### RECORDS TO USE:

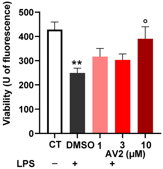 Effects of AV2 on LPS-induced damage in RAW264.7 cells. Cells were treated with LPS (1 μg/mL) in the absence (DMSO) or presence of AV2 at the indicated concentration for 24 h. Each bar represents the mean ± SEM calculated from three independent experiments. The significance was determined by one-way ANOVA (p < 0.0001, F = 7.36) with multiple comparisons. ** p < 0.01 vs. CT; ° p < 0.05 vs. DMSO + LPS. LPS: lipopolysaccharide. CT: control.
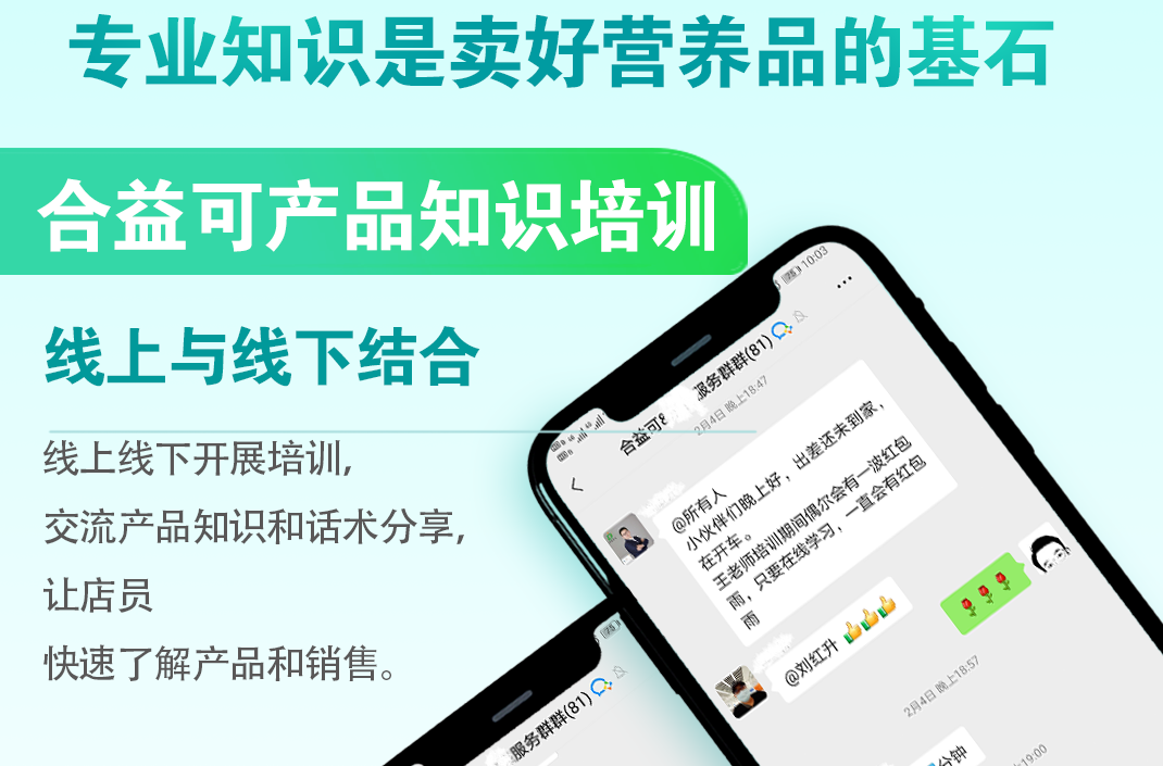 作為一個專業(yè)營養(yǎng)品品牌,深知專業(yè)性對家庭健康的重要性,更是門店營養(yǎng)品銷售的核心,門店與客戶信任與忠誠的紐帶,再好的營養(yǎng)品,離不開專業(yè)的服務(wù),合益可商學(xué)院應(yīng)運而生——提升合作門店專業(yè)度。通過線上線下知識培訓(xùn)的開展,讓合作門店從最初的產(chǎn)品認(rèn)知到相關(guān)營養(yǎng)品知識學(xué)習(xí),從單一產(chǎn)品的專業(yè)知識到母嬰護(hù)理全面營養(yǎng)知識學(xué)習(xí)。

--

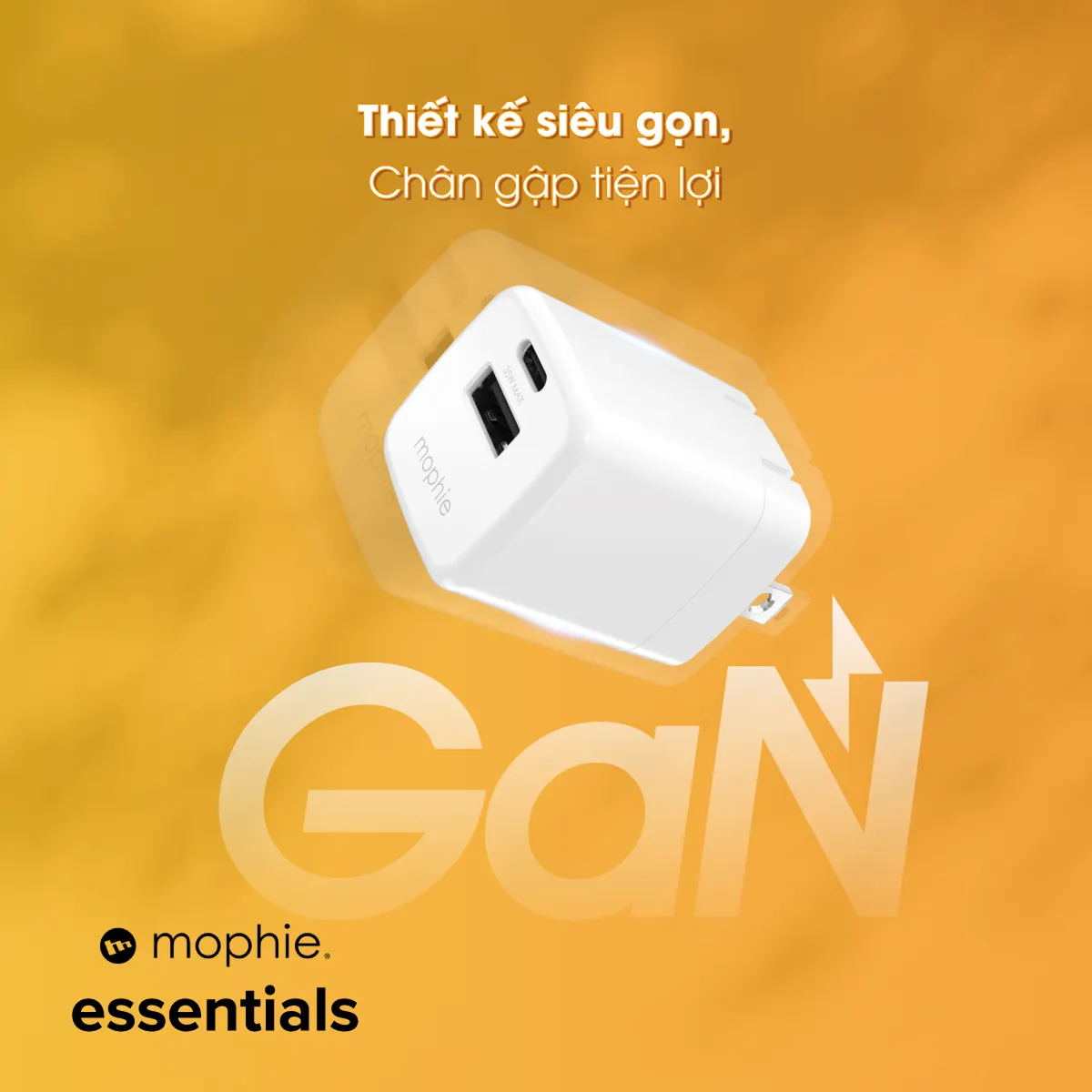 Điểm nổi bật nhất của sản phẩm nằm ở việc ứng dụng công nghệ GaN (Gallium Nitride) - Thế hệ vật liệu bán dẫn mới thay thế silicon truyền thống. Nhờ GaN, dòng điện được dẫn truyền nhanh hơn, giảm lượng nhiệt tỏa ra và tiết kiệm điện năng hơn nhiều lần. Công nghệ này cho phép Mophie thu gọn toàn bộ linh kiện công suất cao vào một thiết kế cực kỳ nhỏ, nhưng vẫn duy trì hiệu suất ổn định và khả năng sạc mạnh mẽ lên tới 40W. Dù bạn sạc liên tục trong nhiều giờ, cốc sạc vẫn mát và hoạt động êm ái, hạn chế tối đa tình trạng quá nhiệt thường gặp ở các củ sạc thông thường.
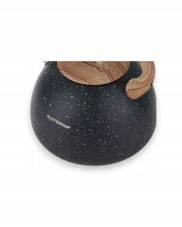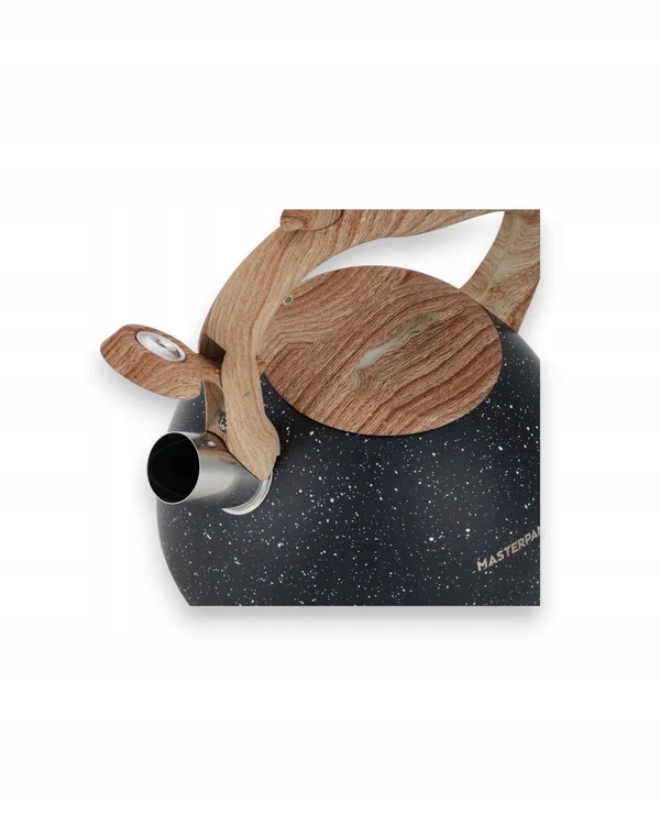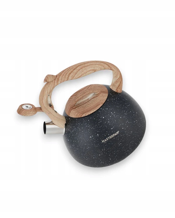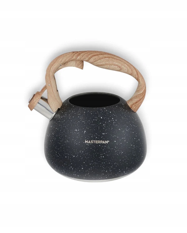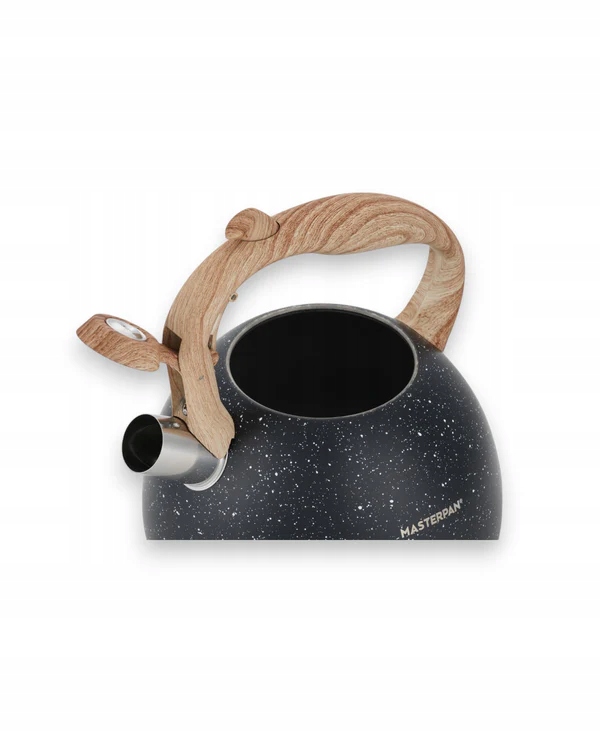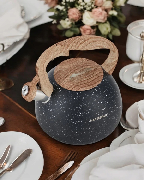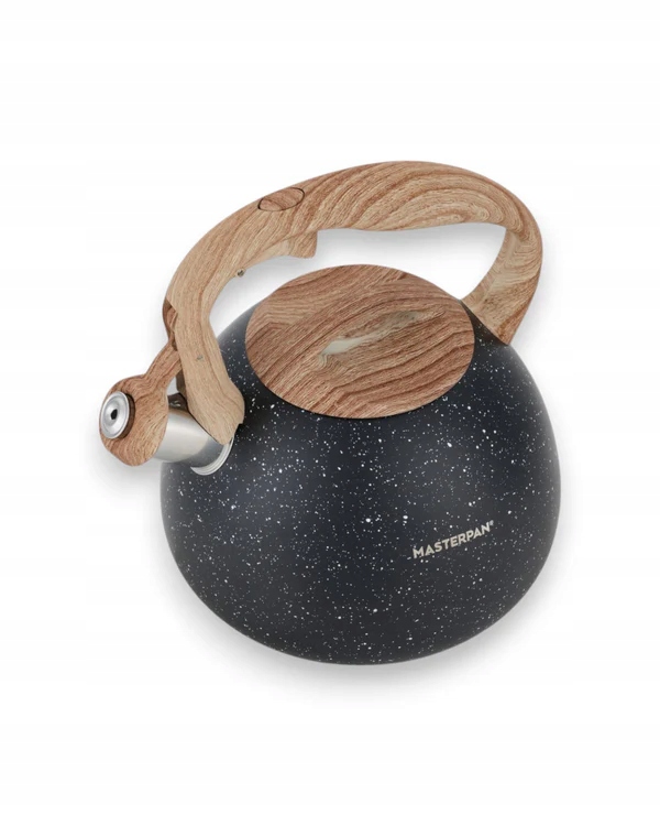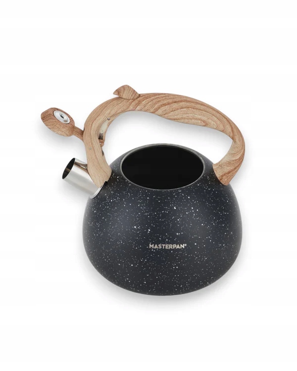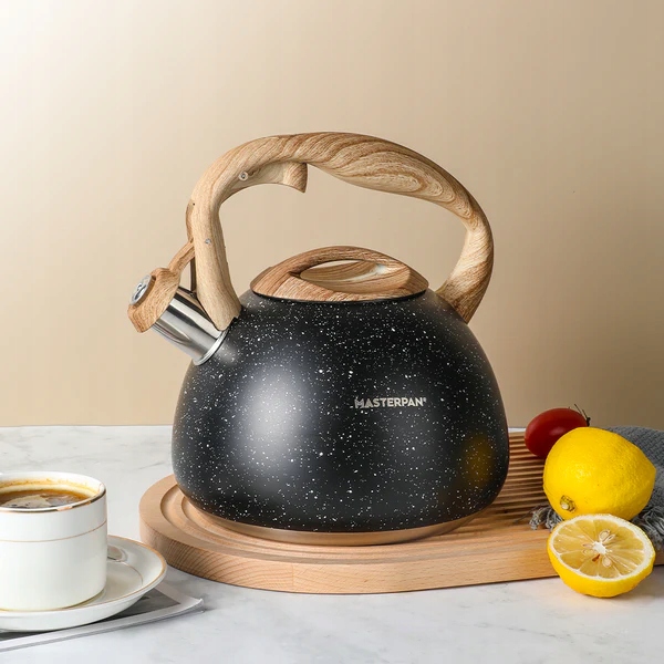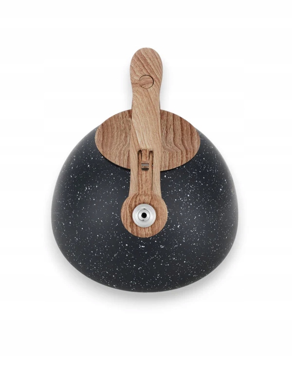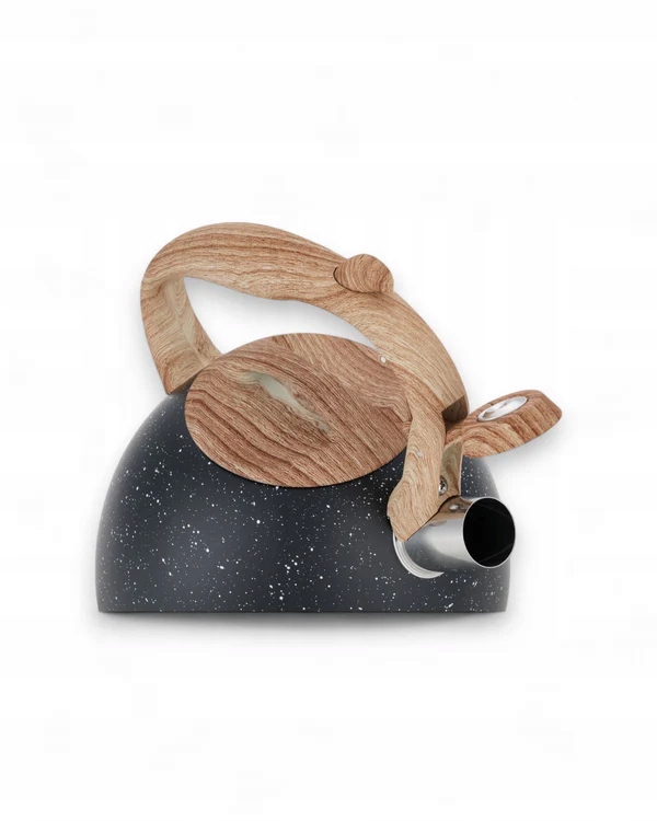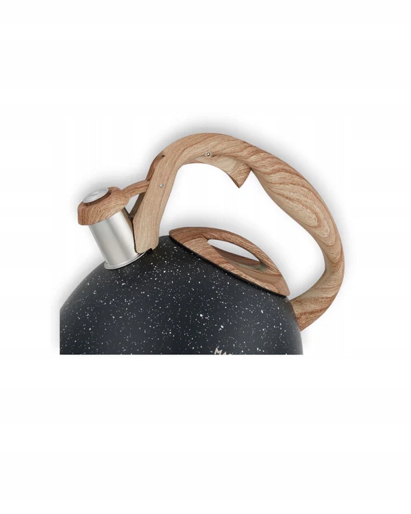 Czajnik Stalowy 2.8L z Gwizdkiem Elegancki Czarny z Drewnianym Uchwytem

### TASK ITEM:
Give the lines above again exactly, from the one containing "Effects of AV2" to the one containing "作為一個專業(yè)營養(y", both included, but leave out the pictures.

### RESULT OF THIS TASK:
 Effects of AV2 on LPS-induced damage in RAW264.7 cells. Cells were treated with LPS (1 μg/mL) in the absence (DMSO) or presence of AV2 at the indicated concentration for 24 h. Each bar represents the mean ± SEM calculated from three independent experiments. The significance was determined by one-way ANOVA (p < 0.0001, F = 7.36) with multiple comparisons. ** p < 0.01 vs. CT; ° p < 0.05 vs. DMSO + LPS. LPS: lipopolysaccharide. CT: control.
 作為一個專業(yè)營養(yǎng)品品牌,深知專業(yè)性對家庭健康的重要性,更是門店營養(yǎng)品銷售的核心,門店與客戶信任與忠誠的紐帶,再好的營養(yǎng)品,離不開專業(yè)的服務(wù),合益可商學(xué)院應(yīng)運而生——提升合作門店專業(yè)度。通過線上線下知識培訓(xùn)的開展,讓合作門店從最初的產(chǎn)品認(rèn)知到相關(guān)營養(yǎng)品知識學(xué)習(xí),從單一產(chǎn)品的專業(yè)知識到母嬰護(hù)理全面營養(yǎng)知識學(xué)習(xí)。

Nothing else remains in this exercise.